[[ Records to process, beginning ]]

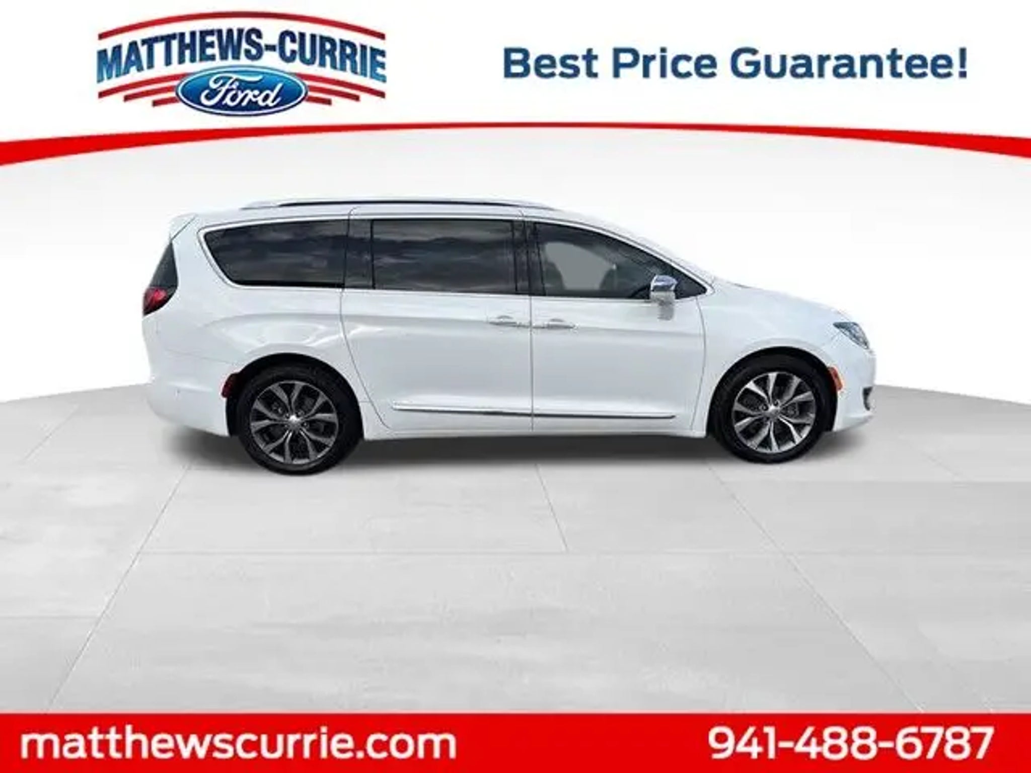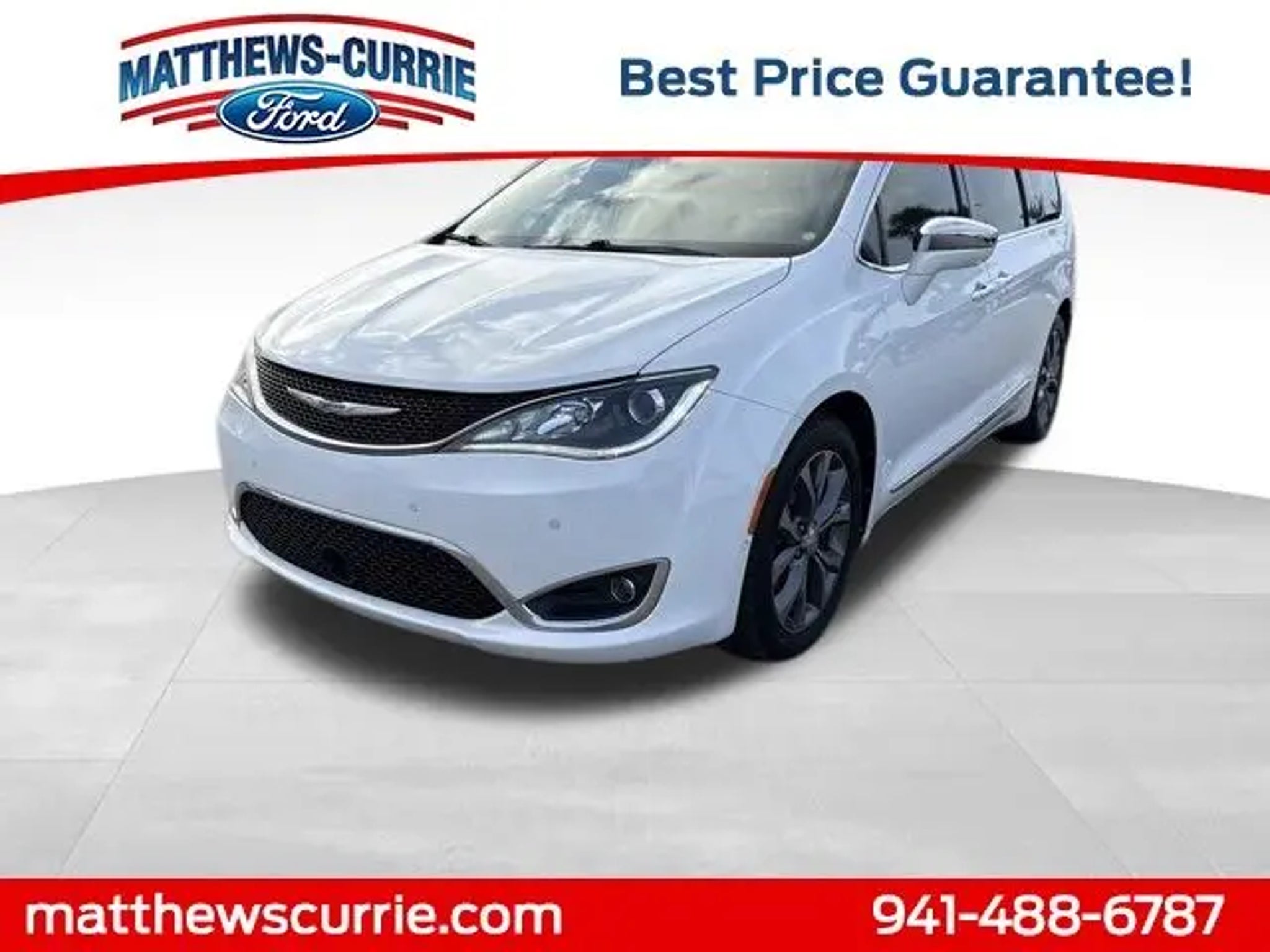 This 2017 Chrysler Pacifica Limited in Bright White Clearcoat features:CLEAN CARFAX LOCAL TRADE IN*UCONNECT THEATER & SOUND GROUP*ADVANCED SAFETY GROUP*TRAILER TOW GROUP*PREMIUM SOUND SYSTEM**DUAL MOONROOF*CROSS TRAFFIC ALERT*YOUR UNDISPUTED PRICE LEADER MATTHEWS CURRIE FORD 18/28 City/Highway MPG Awards: * JD Power Automotive Performance, Execution and Layout (APEAL) Study, Initial Quality Study (IQS) * JD Power Initial Quality Study (IQS) * NACTOY 2017 North American Utility of the Year * 2017 KBB.com Best Buy Awards * 2017 KBB.com 10 Favorite New-for-2017 Cars * 2017 KBB.com 12 Best Family Cars Reviews: * Easy to transform from people hauler to cargo hauler; upscale interior; roomy third-row seat; many convenience and luxury-based features available. Source: Edmunds * Easy to transform from people hauler to cargo hauler; upscale interior; roomy third-row seat; many convenience and luxury-based features available; class-exclusive hybrid engine option. Source: Edmunds Must finance with Matthews Currie Ford to get advertised savings second key, floor mats, owner's manual may not be available on all pre-owned vehicles, all prices are plus tax, tag,title, $349 electronic filing fee & $999 dealership fee and may not include certification and reconditioning costs. While Every Reasonable Effort Is Made To Ensure The Accuracy Of This Data, We Are Not Responsible For Any Errors Or Omissions Contained On These Pages.
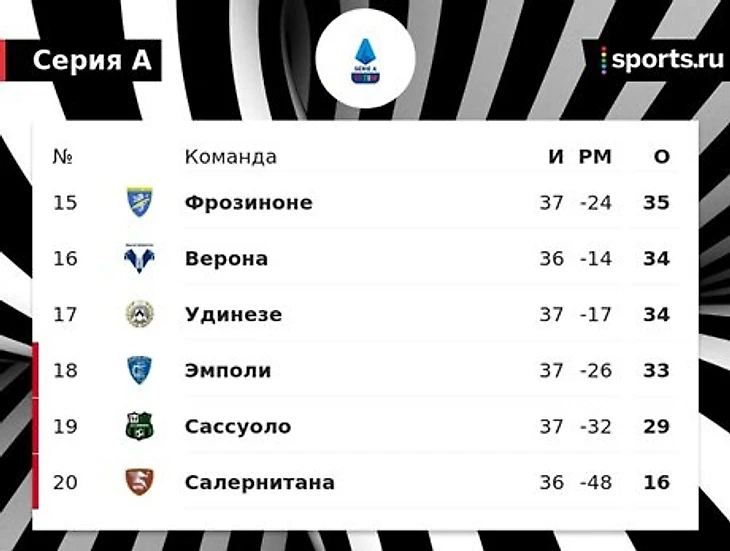 Команда идет на 19-м месте с 29 очками – отставание от спасительного 17-го места, которое занимает «Удинезе», составляет 5 очков.
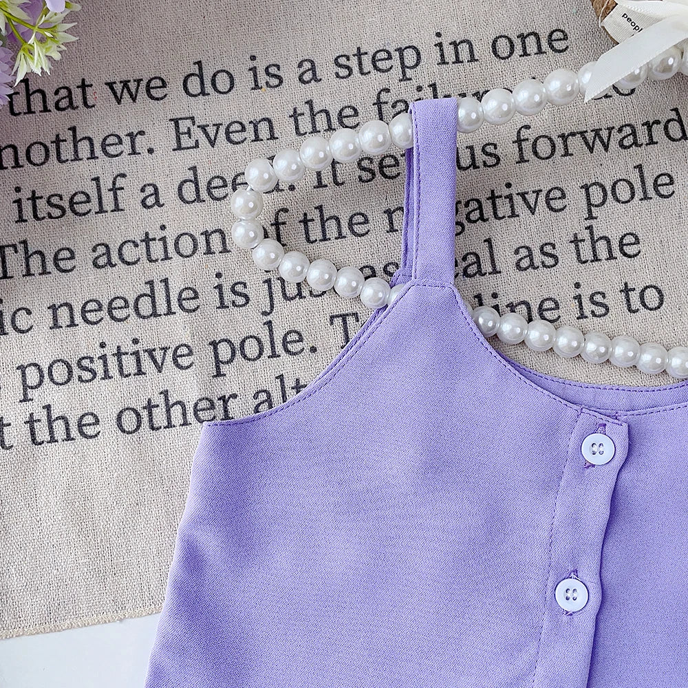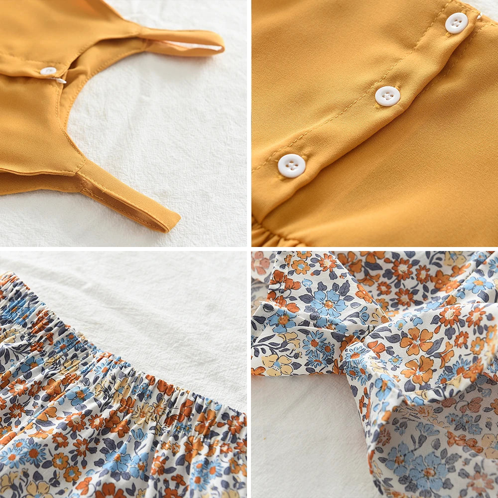 This charming summer outfit set combines a solid colour suspender t-shirt with beautiful floral shorts, creating the perfect ensemble for warm weather. The 2-piece set is ideal for casual outings, playtime, and everyday adventures for young girls.
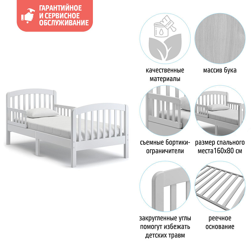 Элегантная модель, выполненная в стиле минимализма, с красивыми полукруглыми решетчатыми спинками идеально впишется в интерьер детской и обеспечит малышу безопасный и здоровый отдых.
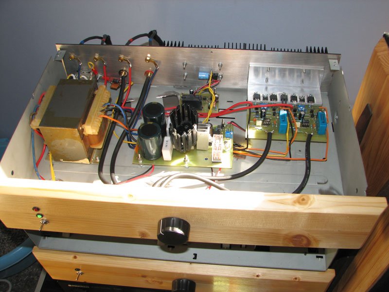 Nem szerettem volna sok pénzt bele ölni, így maradt az egy trafó, és egy tápegység, és abból is a vérszegényebb fajta, csak 2 X10.000uF.
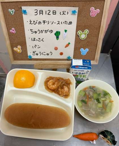 えびのチリソース炒め・中華がゆ・はっさく・パン・牛乳
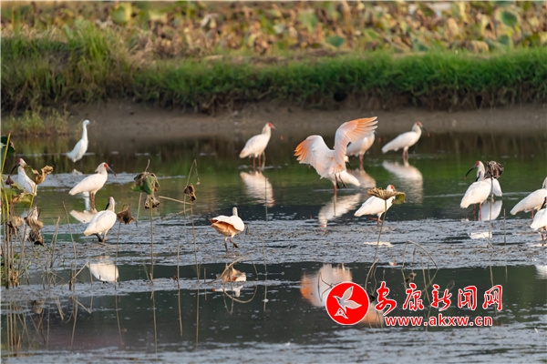 近日,有攝影愛好者在漢陰縣雙乳鎮(zhèn)千畝荷塘景區(qū)拍到50余只朱鹮的曼妙身影。他們時(shí)而悠閑覓食,時(shí)而閑庭散步,時(shí)而展翅高飛,潔白的羽毛,艷紅的頭冠和黑色的長嘴,成為秋日里一道靈動的風(fēng)景。ZE6安康新聞網(wǎng)
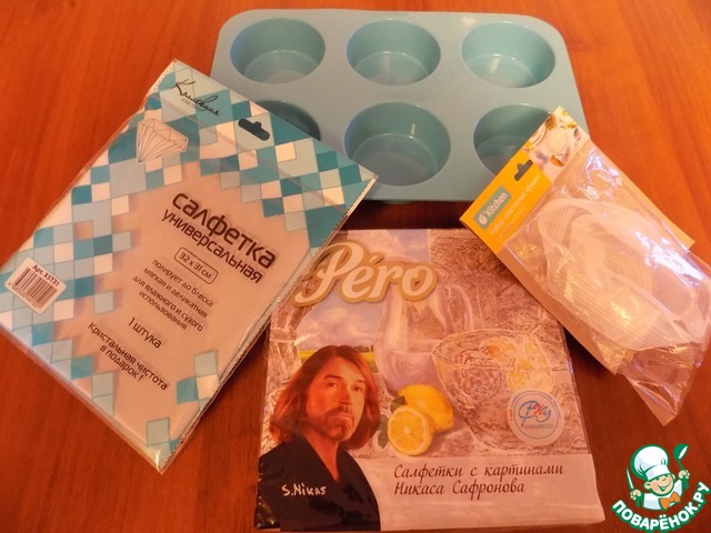 Мелочи для кухни: форма для кексов силиконовая, крышки, салфетки, бумажные салфетки. Впервые вижу такие бумажные салфетки с рисунками Никаса Сафронова.
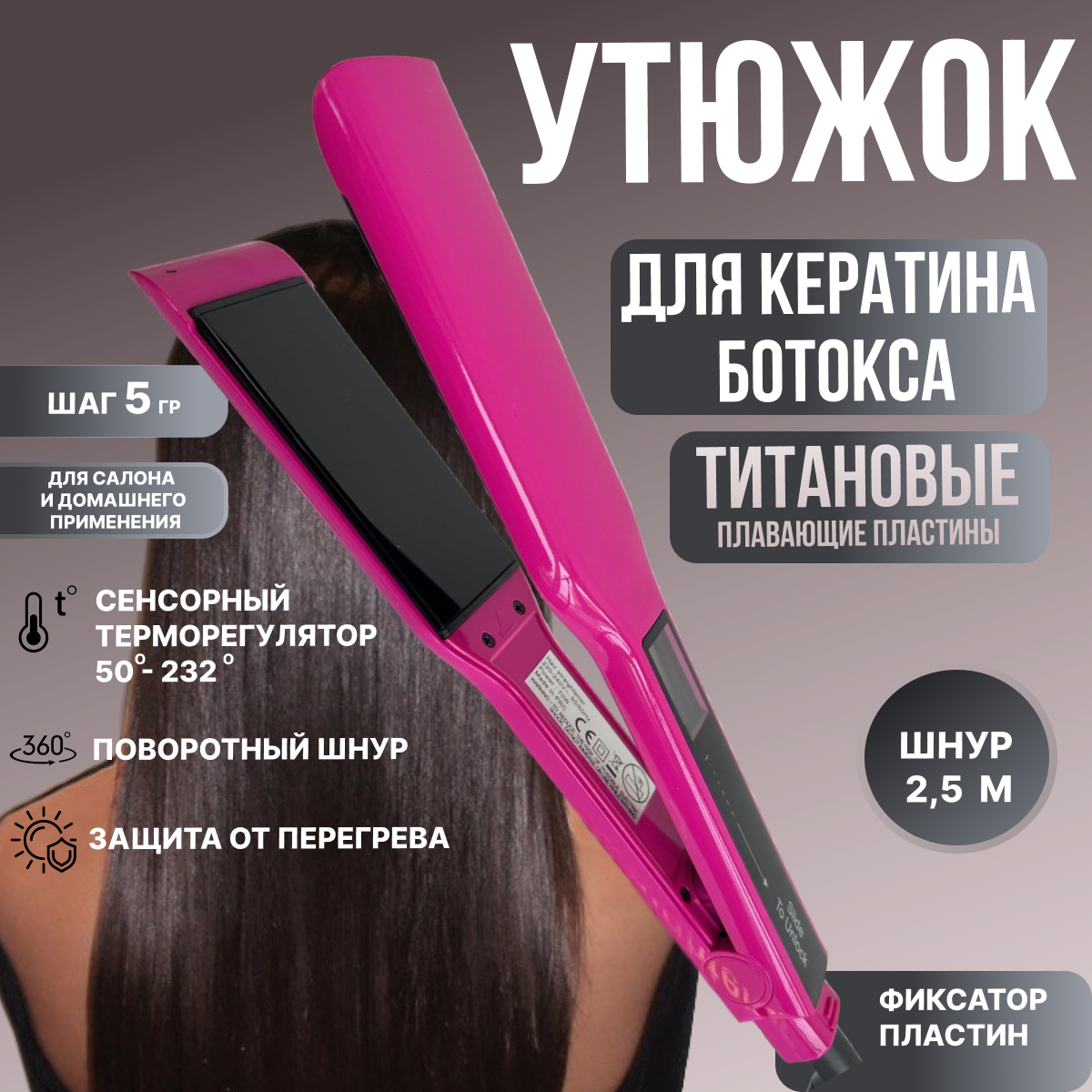 Выпрямитель Утюжок для кератина ботокса широкие титановые пластины Professional Hair , розовый блеск интересное:
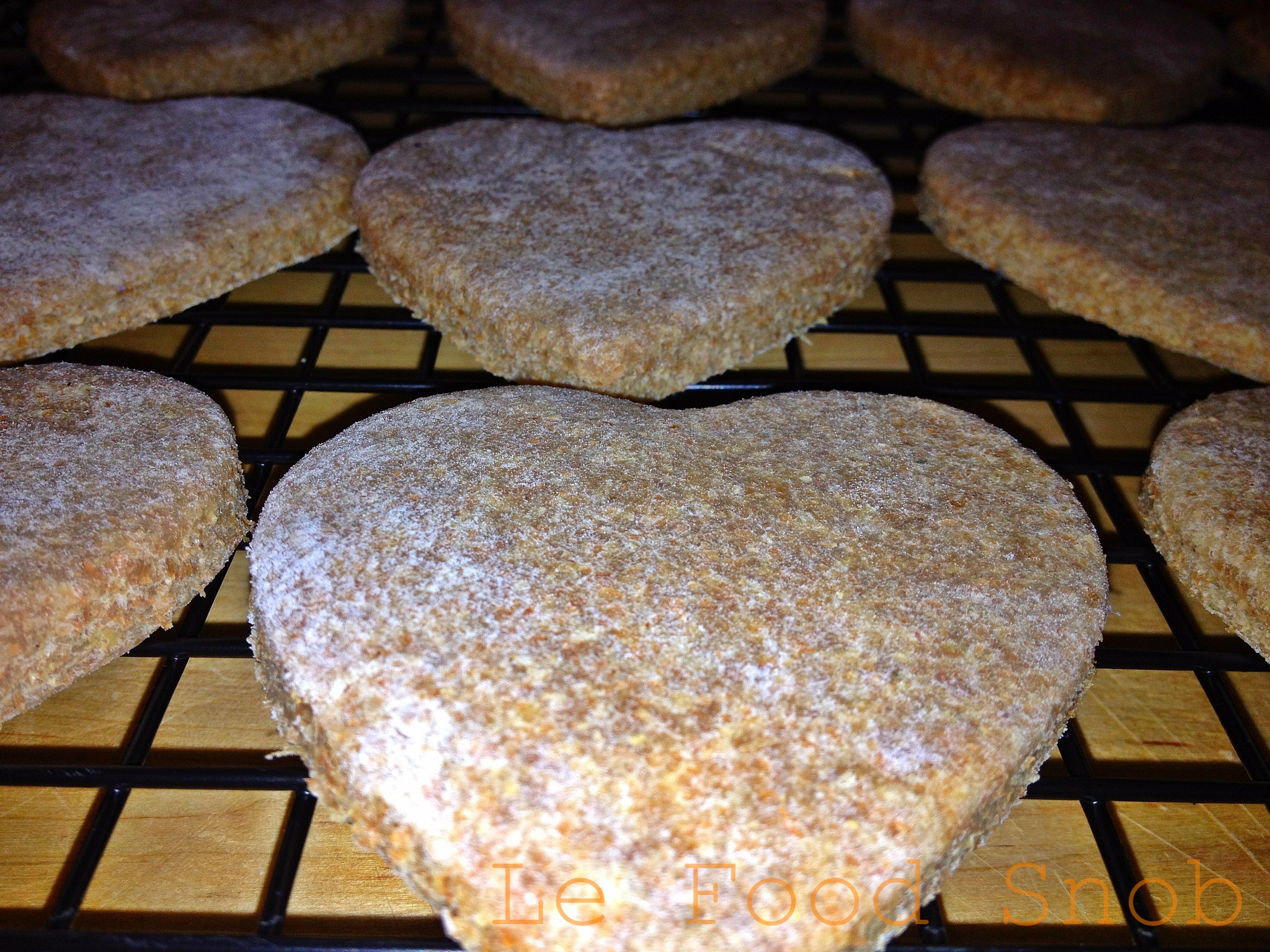 Somewhere in the confines of my kitchen I have bone-shaped cookie cutters. Figures the time I go to use it, I can’t find it. So instead I chose heart-shaped not only because I made these biscuits with love but also because I love my little guy.
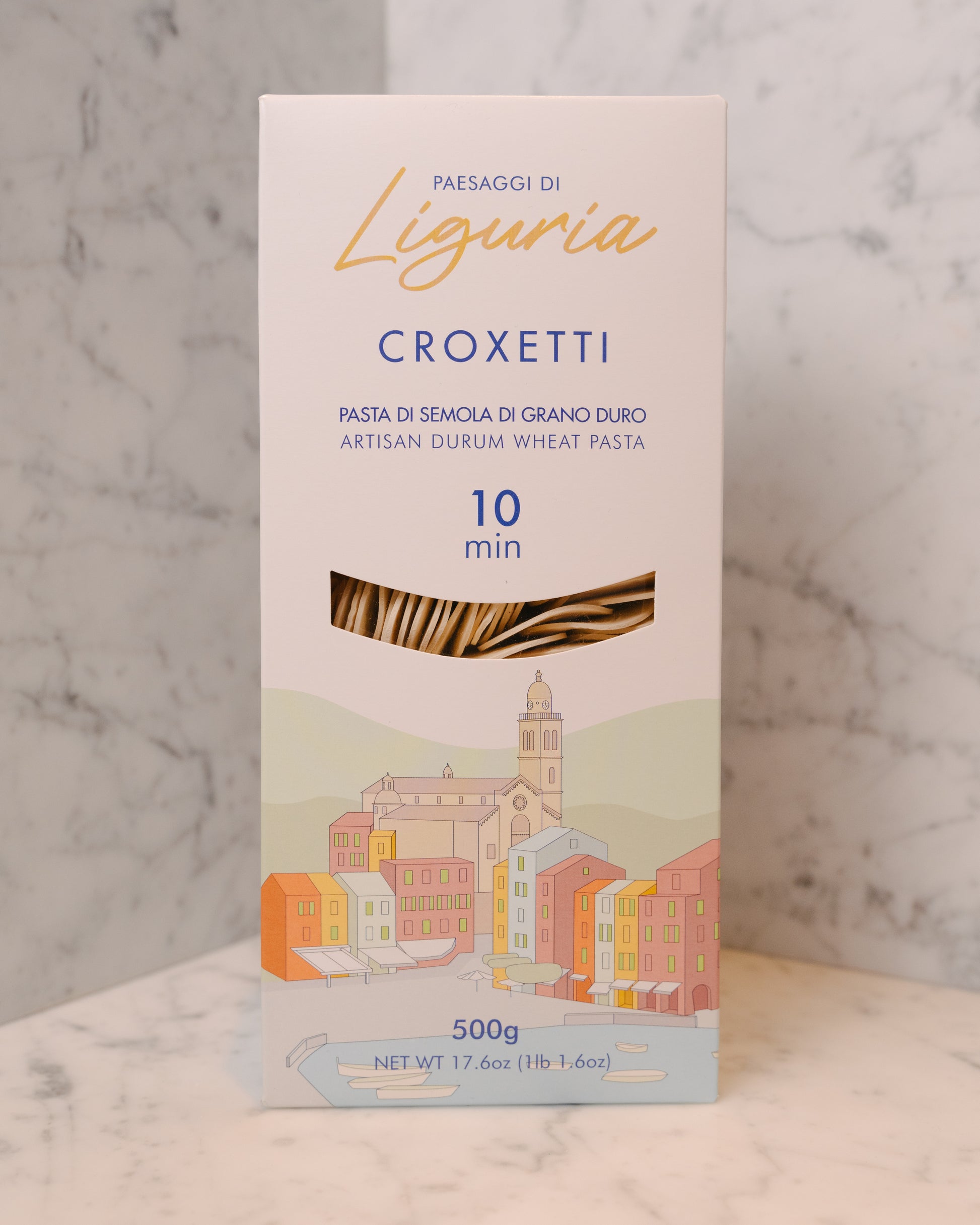 Durum wheat semolina pasta produced in Liguria with wheat grown and milled in Italy.

[[ Records to process, end ]]

Please leave out the pictures while you copy exactly the lines from the one containing "This charming summer" through the end of the records.

 This charming summer outfit set combines a solid colour suspender t-shirt with beautiful floral shorts, creating the perfect ensemble for warm weather. The 2-piece set is ideal for casual outings, playtime, and everyday adventures for young girls.
 Элегантная модель, выполненная в стиле минимализма, с красивыми полукруглыми решетчатыми спинками идеально впишется в интерьер детской и обеспечит малышу безопасный и здоровый отдых.
 Nem szerettem volna sok pénzt bele ölni, így maradt az egy trafó, és egy tápegység, és abból is a vérszegényebb fajta, csak 2 X10.000uF.
 えびのチリソース炒め・中華がゆ・はっさく・パン・牛乳
 近日,有攝影愛好者在漢陰縣雙乳鎮(zhèn)千畝荷塘景區(qū)拍到50余只朱鹮的曼妙身影。他們時(shí)而悠閑覓食,時(shí)而閑庭散步,時(shí)而展翅高飛,潔白的羽毛,艷紅的頭冠和黑色的長嘴,成為秋日里一道靈動的風(fēng)景。ZE6安康新聞網(wǎng)
 Мелочи для кухни: форма для кексов силиконовая, крышки, салфетки, бумажные салфетки. Впервые вижу такие бумажные салфетки с рисунками Никаса Сафронова.
 Выпрямитель Утюжок для кератина ботокса широкие титановые пластины Professional Hair , розовый блеск интересное:
 Somewhere in the confines of my kitchen I have bone-shaped cookie cutters. Figures the time I go to use it, I can’t find it. So instead I chose heart-shaped not only because I made these biscuits with love but also because I love my little guy.
 Durum wheat semolina pasta produced in Liguria with wheat grown and milled in Italy.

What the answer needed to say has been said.